** Opening Data records block **

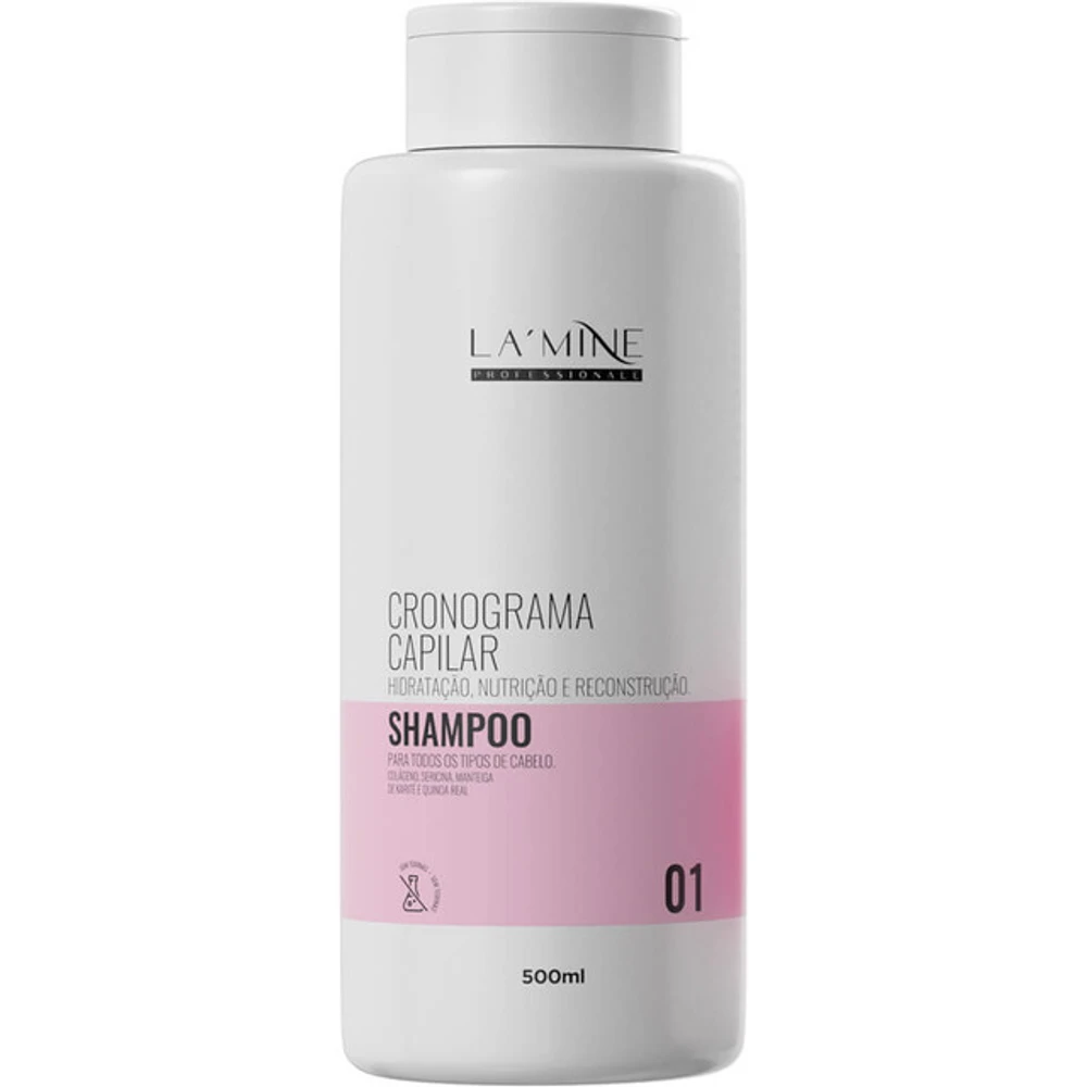 Shampoo Cronograma Capilar La' Mine foi desenvolvido para todos os tipos de cabelo, devido à combinação de ativos multifuncionais, em proporções iguais que promove hidratação, nutrição e reconstrução ao mesmo tempo em que realinha os fios. Retira o frizz sem pesar o cabelo e combate no envelhecimento precoce da fibra capilar.
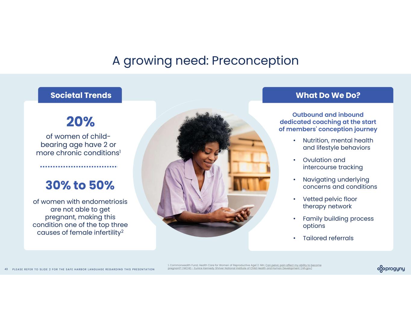 P L E A S E R E F E R T O S L I D E 2 F O R T H E S A F E H A R B O R L A N G U A G E R E G A R D I N G T H I S P R E S E N T A T I O N47 Women and Health A specialized benefits platform created to expedite interventions addressing interconnected health issues that are diagnosed or treated disparately in women. PROGYNY Fertility & Family Building Care Specialized Conditions Ancillary Services Pelvic floor Mental Health Lactation & milk shipping Parenting & Caregiver Support Social Determinants Nutrition & Lifestyle Menstruation PregnancyPCOS Endometriosis Autoimmune CardiacDiabetes Preeclampsia & hypertension Menopause Breast & gynecological cancers Thyroid Preconception Assisted Fertility AdoptionSurrogacy Pregnancy & postpartum Return-to-work Patient education Male infertility Fertility medicationsGenetic testing Weight management Care navigation & access to care Sexual Health Primary/well woman care LGBTQIA+ specific Stress & emotional support
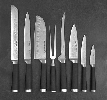 PRODUCT DESCRIPTIONS:THIS CHEF SET INCLUDES: Free knife sharpener Chef's knife roll 9" Bread knife 8" Slicer/Carving knife 7" Santoku knife Long prong fork 7" Filleting knife 6" Chefs knife 5" Utility knife 3.5" Paring knife Our NAIFU D67 chef knives are made from Japan's unique Damascus 67 layered steel. Truly razor sharp, these professional knives are acclaimed by chefs and keen cooks alike. Honed by hand each knife blade acquires its own unique marbled appearance. - Supreme lasting sharpness - Prices at least 30% less than comparable ranges from others - 30 day full refund & 10 year guarantee - Ergonomic santoprene slip resistant handle grips - Excellent weight and balance - Free chef's knife sharpener
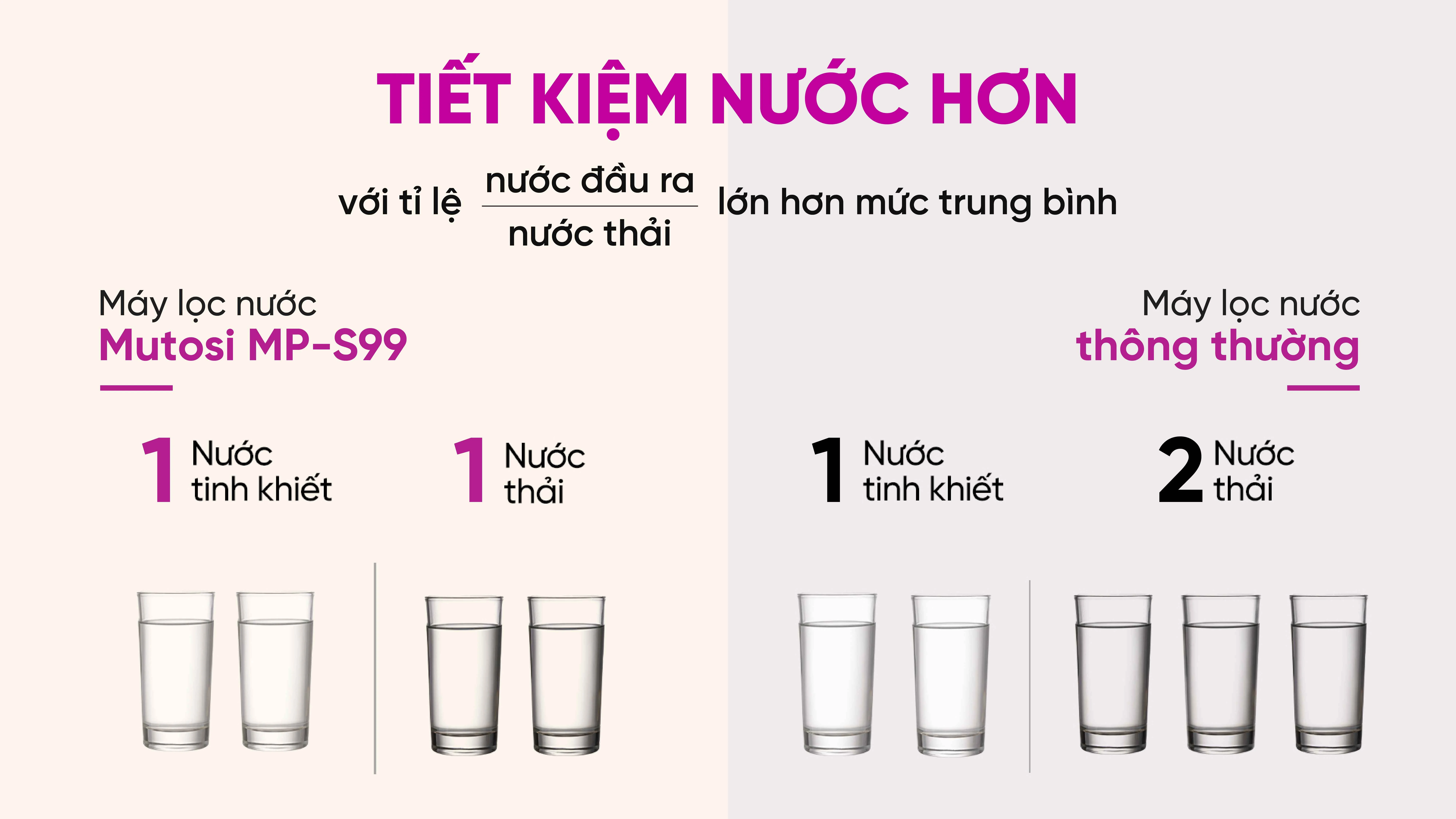 Nhờ hiệu suất cải tiến, để có 2 cốc nước tinh khiết, MP-S99 chỉ cần thải 2 cốc nước – giảm đáng kể hao phí so với các dòng máy lọc thông thường. Đây là lựa chọn thông minh cho gia đình muốn vừa sạch vừa tiết kiệm.
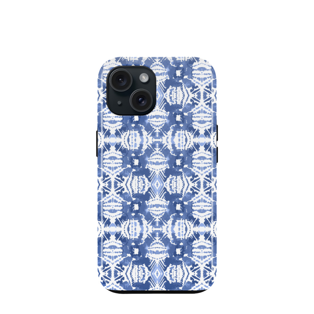 iPhone 15 Hybrid (Kunststoff / Gummi) Hülle Sapphire Mosaic - Blau
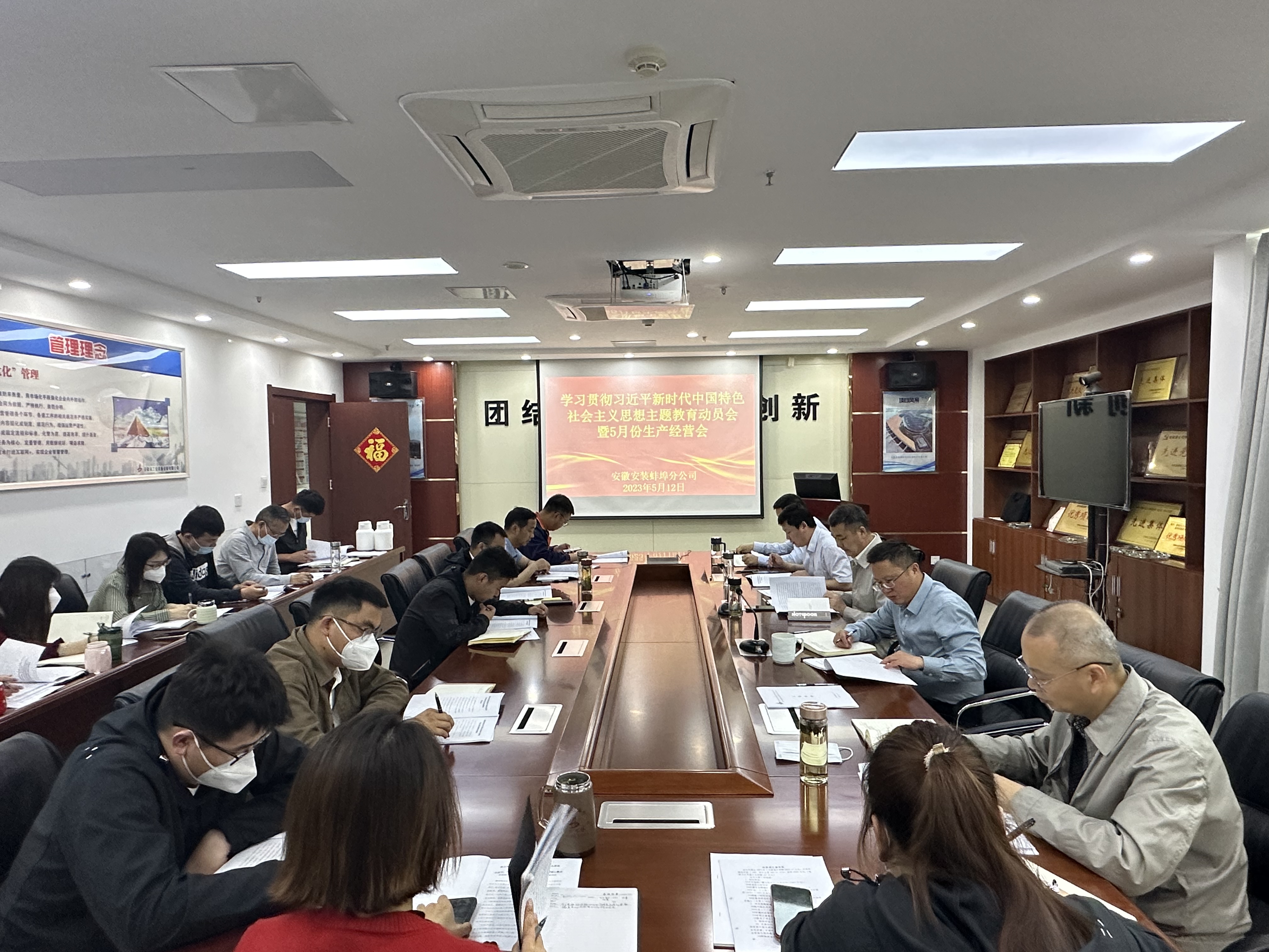 5月12日上午,蚌埠分公司召開學習貫徹習近平新時代中國特色社會主義思想主題教育動員會暨5月份生產經營會,公司紀委書記、工會主席李楊應邀出席會議,分公司領導班子成員、各項目主要負責人、機關各部門負責人及工程管理部全體員工參加會議,會議由分公司黨支部書記、副經理王偉主持。
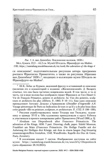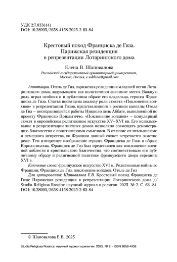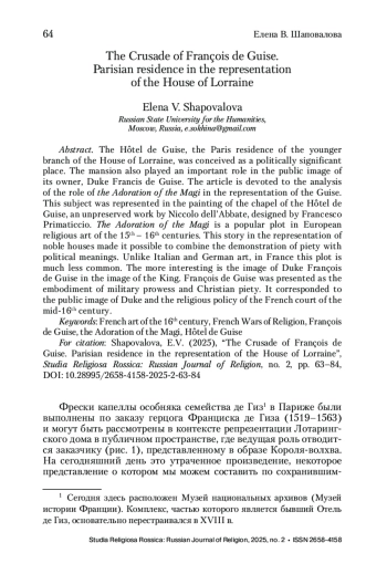 Отель де Гиз, парижская резиденция младшей ветви Лотарингского дома, задумывался как политически значимое место. Важную роль играл особняк и в публичном образе его владельца, герцога Франциска де Гиза. Статья посвящена анализу роли сюжета «Поклонение волхвов» в репрезентации Гизов, представленного в росписи капеллы Отеля де Гиз – несохранившейся работы Никколо дель Аббате, выполненной по проекту Франческо Приматиччо. «Поклонение волхвов» – популярный сюжет в европейском религиозном искусстве XV–XVI вв. Его использование в репрезентации знатных домов позволяло совмещать демонстрацию благочестия с политическими смыслами. В отличие от итальянского и немецкого искусства, во Франции данный сюжет встречается заметно реже. Тем интереснее изображение герцога Франциска де Гиза в образе Короля-волхва. Франциск де Гиз был представлен как воплощение военной доблести и христианского благочестия, что соответствовало его публичному образу и религиозной политике французского двора середины XVI в.
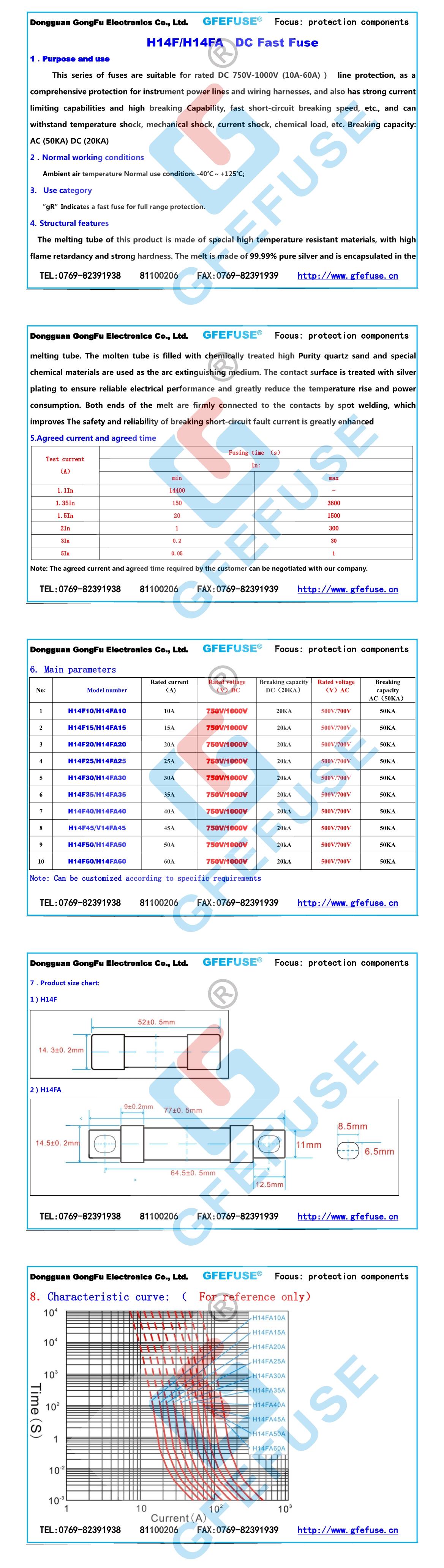 10A-60A/750V/1000V汽車保險絲(H14FA)
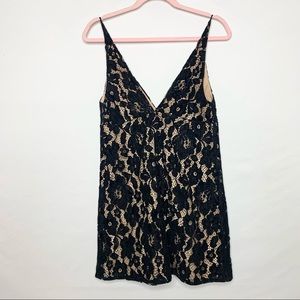 Delicate floral lace graces a flirtatious A-line dress designed with a thigh-grazing hemline and a plunging V-cut back
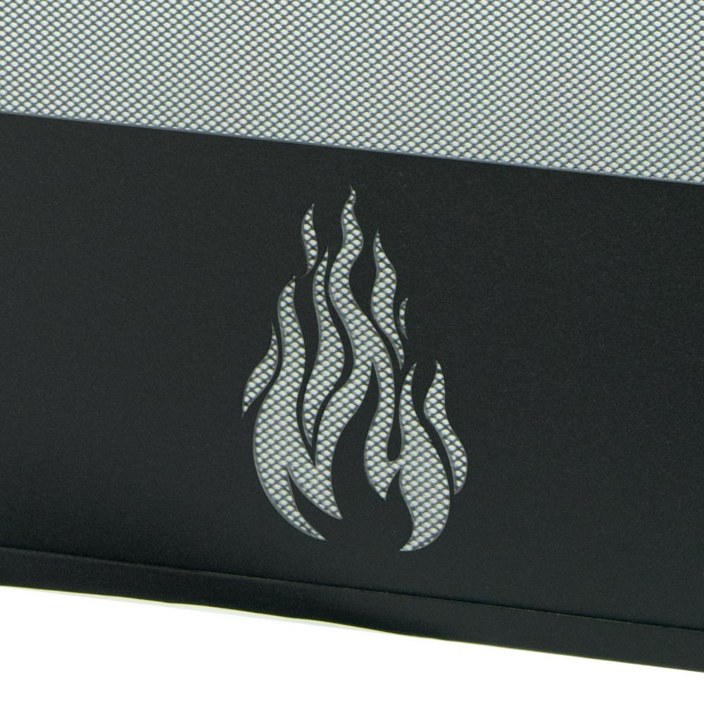 The sturdy and durable metal structure is embellished with a finish that combines with sober elegance with any type of furniture, from classic to contemporary. The design is clean and modern, with clear lines that give a refined and minimalist look, while the decorative stylized flame motif at the bottom adds a touch of unique and distinctive character.
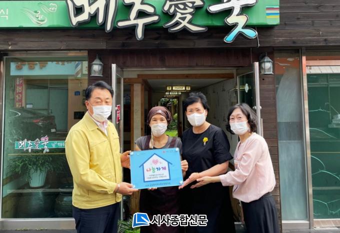 ³ªÁֽà ±Ý³²µ¿ Áö¿ª»çȸº¸ÀåÇùÀÇü(À§¿øÀå º¯µ¿Áø, ÇãÇö¼÷)Àº 1ÀÏ ¡®¹Ø¹ÝÂù µµ½Ã¶ô ³ª´®¡¯ »ç¾÷¿¡ ¹Ø¹ÝÂùÀ» Á¦°øÇØÁØ °ü³» ½Ä´ç¾÷ü 6°÷¿¡ ¡®³ª´®°¡°Ô¡¯ ÀÎÁõ ÇöÆÇÀ» ºÎÂøÇß´Ù°í ¹àÇû´Ù.
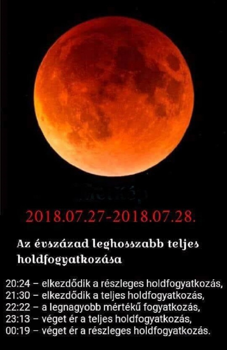 2018. július 27-e éjjelén jól megfigyelhető, hosszú (1 óra 43 perc!), centrális holdfogyatkozás lesz. Az égi látványosságot csak a fránya időjárás befolyásolhatja. Centrális holdfogyatkozásnak az olyan holdfogyatkozást nevezzük, amikor a Hold legalább egy része áthalad a földárnyék középpontján. Holdfogyatkozás akkor jön létre, amikor a Föld a Nap és a Hold között tartózkodik, ilyenkor a Föld árnyéka a Holdra vetül. Kezdetben a Föld félárnyéka, majd a teljes holdfogyatkozásnál a “teljes” árnyéka – umbra – “takarja be” égi kísérőnket. Holdfogyatkozáskor a Föld árnyékának fénytörése miatt egyre vörösesebbnek látjuk majd a Holdat.
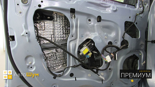 Переходим к дверной обшивке. Убираем штатную шумоизоляцию иобезжириваем поверхность. Всю внутреннюю поверхность оклеиваем мощным шумопоглотителем Шумофф Absorber А15.
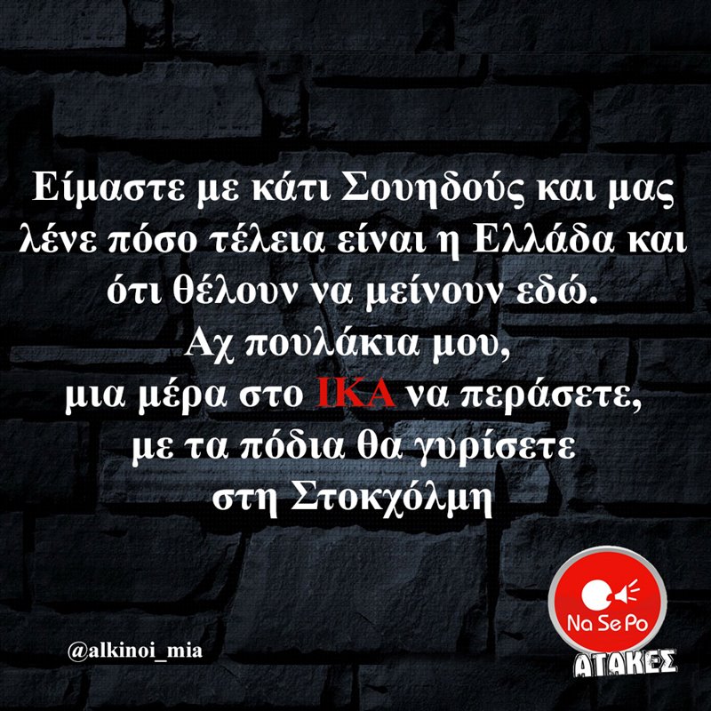 και μας λένε πόσο τέλεια είναι η Ελλάδα και ότι θέλουν να μείνουν εδώ. Αχ πουλάκια μου, μια μέρα στο ΙΚΑ να περάσετε, με τα πόδια θα γυρίσετε στη Στοκχόλμη @alkinoi_mia
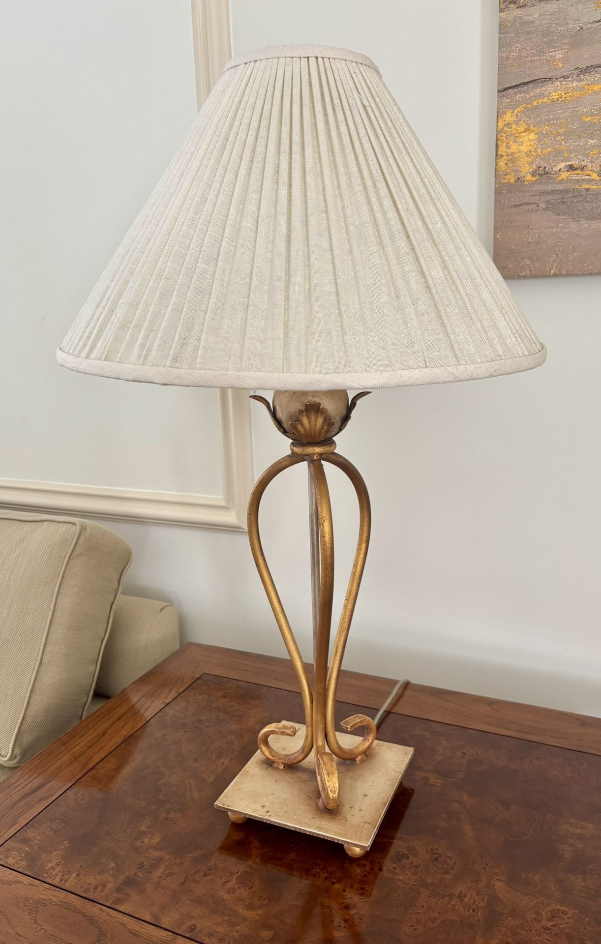 Beautiful table lamp Gold / bronze details Beige shade. Have another listing with a matching floor lamp. Approximate 31” h x 19”w Statement lamp

** Closing Data records block **

Keep every word of the data as it is when you write it out, but drop the pictures.

 Shampoo Cronograma Capilar La' Mine foi desenvolvido para todos os tipos de cabelo, devido à combinação de ativos multifuncionais, em proporções iguais que promove hidratação, nutrição e reconstrução ao mesmo tempo em que realinha os fios. Retira o frizz sem pesar o cabelo e combate no envelhecimento precoce da fibra capilar.
 P L E A S E R E F E R T O S L I D E 2 F O R T H E S A F E H A R B O R L A N G U A G E R E G A R D I N G T H I S P R E S E N T A T I O N47 Women and Health A specialized benefits platform created to expedite interventions addressing interconnected health issues that are diagnosed or treated disparately in women. PROGYNY Fertility & Family Building Care Specialized Conditions Ancillary Services Pelvic floor Mental Health Lactation & milk shipping Parenting & Caregiver Support Social Determinants Nutrition & Lifestyle Menstruation PregnancyPCOS Endometriosis Autoimmune CardiacDiabetes Preeclampsia & hypertension Menopause Breast & gynecological cancers Thyroid Preconception Assisted Fertility AdoptionSurrogacy Pregnancy & postpartum Return-to-work Patient education Male infertility Fertility medicationsGenetic testing Weight management Care navigation & access to care Sexual Health Primary/well woman care LGBTQIA+ specific Stress & emotional support
 PRODUCT DESCRIPTIONS:THIS CHEF SET INCLUDES: Free knife sharpener Chef's knife roll 9" Bread knife 8" Slicer/Carving knife 7" Santoku knife Long prong fork 7" Filleting knife 6" Chefs knife 5" Utility knife 3.5" Paring knife Our NAIFU D67 chef knives are made from Japan's unique Damascus 67 layered steel. Truly razor sharp, these professional knives are acclaimed by chefs and keen cooks alike. Honed by hand each knife blade acquires its own unique marbled appearance. - Supreme lasting sharpness - Prices at least 30% less than comparable ranges from others - 30 day full refund & 10 year guarantee - Ergonomic santoprene slip resistant handle grips - Excellent weight and balance - Free chef's knife sharpener
 Nhờ hiệu suất cải tiến, để có 2 cốc nước tinh khiết, MP-S99 chỉ cần thải 2 cốc nước – giảm đáng kể hao phí so với các dòng máy lọc thông thường. Đây là lựa chọn thông minh cho gia đình muốn vừa sạch vừa tiết kiệm.
 iPhone 15 Hybrid (Kunststoff / Gummi) Hülle Sapphire Mosaic - Blau
 5月12日上午,蚌埠分公司召開學習貫徹習近平新時代中國特色社會主義思想主題教育動員會暨5月份生產經營會,公司紀委書記、工會主席李楊應邀出席會議,分公司領導班子成員、各項目主要負責人、機關各部門負責人及工程管理部全體員工參加會議,會議由分公司黨支部書記、副經理王偉主持。
 Отель де Гиз, парижская резиденция младшей ветви Лотарингского дома, задумывался как политически значимое место. Важную роль играл особняк и в публичном образе его владельца, герцога Франциска де Гиза. Статья посвящена анализу роли сюжета «Поклонение волхвов» в репрезентации Гизов, представленного в росписи капеллы Отеля де Гиз – несохранившейся работы Никколо дель Аббате, выполненной по проекту Франческо Приматиччо. «Поклонение волхвов» – популярный сюжет в европейском религиозном искусстве XV–XVI вв. Его использование в репрезентации знатных домов позволяло совмещать демонстрацию благочестия с политическими смыслами. В отличие от итальянского и немецкого искусства, во Франции данный сюжет встречается заметно реже. Тем интереснее изображение герцога Франциска де Гиза в образе Короля-волхва. Франциск де Гиз был представлен как воплощение военной доблести и христианского благочестия, что соответствовало его публичному образу и религиозной политике французского двора середины XVI в.
 10A-60A/750V/1000V汽車保險絲(H14FA)
 Delicate floral lace graces a flirtatious A-line dress designed with a thigh-grazing hemline and a plunging V-cut back
 The sturdy and durable metal structure is embellished with a finish that combines with sober elegance with any type of furniture, from classic to contemporary. The design is clean and modern, with clear lines that give a refined and minimalist look, while the decorative stylized flame motif at the bottom adds a touch of unique and distinctive character.
 ³ªÁֽà ±Ý³²µ¿ Áö¿ª»çȸº¸ÀåÇùÀÇü(À§¿øÀå º¯µ¿Áø, ÇãÇö¼÷)Àº 1ÀÏ ¡®¹Ø¹ÝÂù µµ½Ã¶ô ³ª´®¡¯ »ç¾÷¿¡ ¹Ø¹ÝÂùÀ» Á¦°øÇØÁØ °ü³» ½Ä´ç¾÷ü 6°÷¿¡ ¡®³ª´®°¡°Ô¡¯ ÀÎÁõ ÇöÆÇÀ» ºÎÂøÇß´Ù°í ¹àÇû´Ù.
 2018. július 27-e éjjelén jól megfigyelhető, hosszú (1 óra 43 perc!), centrális holdfogyatkozás lesz. Az égi látványosságot csak a fránya időjárás befolyásolhatja. Centrális holdfogyatkozásnak az olyan holdfogyatkozást nevezzük, amikor a Hold legalább egy része áthalad a földárnyék középpontján. Holdfogyatkozás akkor jön létre, amikor a Föld a Nap és a Hold között tartózkodik, ilyenkor a Föld árnyéka a Holdra vetül. Kezdetben a Föld félárnyéka, majd a teljes holdfogyatkozásnál a “teljes” árnyéka – umbra – “takarja be” égi kísérőnket. Holdfogyatkozáskor a Föld árnyékának fénytörése miatt egyre vörösesebbnek látjuk majd a Holdat.
 Переходим к дверной обшивке. Убираем штатную шумоизоляцию иобезжириваем поверхность. Всю внутреннюю поверхность оклеиваем мощным шумопоглотителем Шумофф Absorber А15.
 και μας λένε πόσο τέλεια είναι η Ελλάδα και ότι θέλουν να μείνουν εδώ. Αχ πουλάκια μου, μια μέρα στο ΙΚΑ να περάσετε, με τα πόδια θα γυρίσετε στη Στοκχόλμη @alkinoi_mia
 Beautiful table lamp Gold / bronze details Beige shade. Have another listing with a matching floor lamp. Approximate 31” h x 19”w Statement lamp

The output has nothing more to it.